Celebrating the Holy Month of Ramadan in Algeria
The auspicious month of Ramadan is greatly welcomed here in Algeria where past customs have been practiced for generations. This month symbolizes enjoyment and happiness and a great opportunity for repentance and worship.
God says in the Koran: “O ye who believe! Fasting is prescribed to you as it was prescribed to those before you, that ye may (learn) self-restraint”. Holy Quran (2:183).
Ramadan is the ninth month in the Islamic calendar. It enjoys a special importance around the Islamic world, especially in this country. It is a month of worship but it also brings many blessings to those who do good deeds and help the needy, widows, orphans and downtrodden on earth. As I have witnessed for more than fifty years in this country people rapidly change during this month, and it seems that a metamorphosis has taken over everyone as they become more generous, more cordial, more friendly and more ready than at other times of the year to do good work.
The poor and the needy receive food, clothing and money from the well-to-do in this community. Many people go to the mosque in the neighborhood to break their fast and enjoy “Suhour” (pre-dawn meals).
The people of the neighborhood send fruit, food and drinks to the nearby mosque. A friendly “community” dinner every sunset of this holy month creates a wonderful, heart-rendering atmosphere.

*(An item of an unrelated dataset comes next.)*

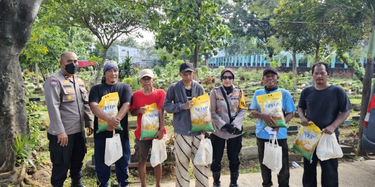 Jakarta – Pihak kepolisian dari Polsek Kramatjati menyalurkan bantuan sosial kepada petugas makam dan penggali kubur dan warga yang tinggal di TPU Datok Merah Jl. Datok Merah Rt. 005/06 Kel. Batu Ampar Kec. Kramatjati Jakarta Timur.

Ramadan is a time when Algerians become more attuned to people in need, as volunteering has become a Ramadan tradition, particularly among young people, where high school students devote some of their time to cooking and serving dinners at the “Rahma” (benevolent) restaurants. In Algiers alone there are about seven great Rahma restaurants, each serving between 120 to 400 meals a night, as it is very important that that the “dignity of the people” is preserved and that
everyone can break the fast with a warm meal during this blessed month. Ramadan is also a great occasion on which Muslims invite one another and friends to break the fast together by sharing their food and warm feelings of true Islamic brotherhood.

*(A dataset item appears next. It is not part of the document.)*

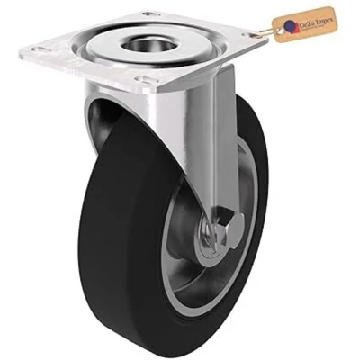 ManoManoHEAVY DUTY LOAD CAPACITY Our heavy-duty caster wheels are designed to handle heavy weights with ease, featuring reliable steel construction. The mounting plate evenly distributes weight and resists bending or breaking, even under heavy loads. Perfect for warehouses and industrial equipment that require the ability to move heavy loads without wheel failure or damage to the frame. SMOOTH ROLLING ON ANY SURFACE Solid rubber swivel caster wheels protect your floors from scratches while also dampening vibrations and reducing noise. These wheels won’t leave scuff marks on tile, linoleum, brick, or carpeted surfaces. They roll smoothly on any surface, ensuring that both your equipment and flooring remain undamaged. 360-DEGREE SWIVEL MOVEMENT With a full rotation swivel design, these caster wheels allow for easy direction changes without the need to lift or force your equipment. Heavy-duty casters rotate easily and won't get stuck during use. The pre-drilled mounting plate ensures secure

During this period, people all over Algeria and elsewhere in the Muslim world partake of the culinary delights to have enough energy to cope with the difficulties of the day. The pleasant tasting food in Algeria and the Maghrib countries is famously known as the Zalabia sweet, a sort of cake
made with sugar syrup.
Some tradesmen and unemployed youngsters often transform their shops into bakeries producing the famous “Zalabia”. However, some vendors are taking advantage of the shopping mood of the
people and increasing their prices. In recent years Algerian traders and craftsmen have decided to minimize the impact by deciding to distribute and check some important items, such as meat, but this has little impact on the ever rising prices.
Ramadan, besides being the month of worship and Divine blessings, carries a great historical importance. The revelations of the Holy Quran commenced during this month.
The epoch-making “'Battle of Badr” the first battle fought by the Prophet and his Companions against the non-faithful tribe of Quraish took place on the 17th of Ramadan in the second year of Hijra. The “Conquest of Mecca” took place on the 20th of Ramadan in the eighth year of Hijra.
The last ten days of Ramadan are a time of special spiritual power. Some nights, among the last ten nights are called the “Nights of Glory” (Laylat Al-Qadr). These are the 21st, and 23rd or 27th nights.
Muslims stay up during these nights and offer special prayers. The 27th is the holiest of the holy nights.